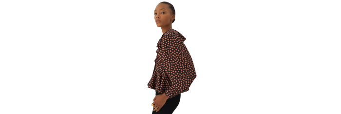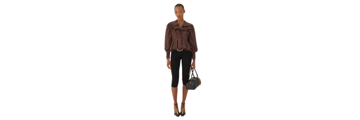 Top court col V oversize soie jacquard noir imprimé pois rose volants
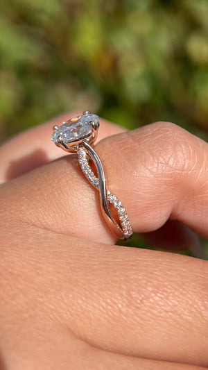 The Lana features a lab grown oval diamond with a hidden halo in a cathedral setting. The Lana features an opened half diamond twist band to create a beautiful blend of brilliant natural round diamonds and polished gold. The oval diamond is elongated and cut like a 1.80ct size
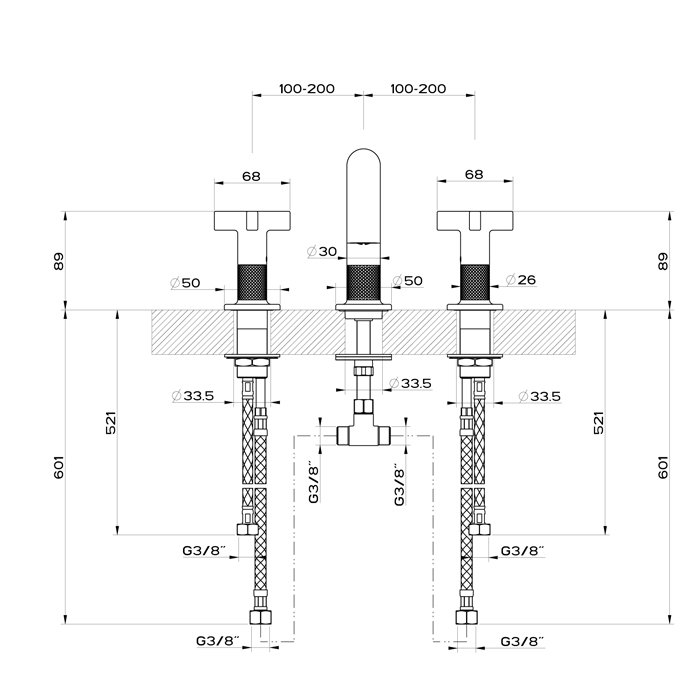 GESSI INCISO Смеситель для раковины на 3 отверстия без донного клапана, излив 140мм, h=145мм, цвет: Finox Brushed Nickel

## PROBLEM REQUIREMENTS
Without including any picture, output all the material exactly as it appears.

## TASK ANSWER
 Top court col V oversize soie jacquard noir imprimé pois rose volants
 The Lana features a lab grown oval diamond with a hidden halo in a cathedral setting. The Lana features an opened half diamond twist band to create a beautiful blend of brilliant natural round diamonds and polished gold. The oval diamond is elongated and cut like a 1.80ct size
 GESSI INCISO Смеситель для раковины на 3 отверстия без донного клапана, излив 140мм, h=145мм, цвет: Finox Brushed Nickel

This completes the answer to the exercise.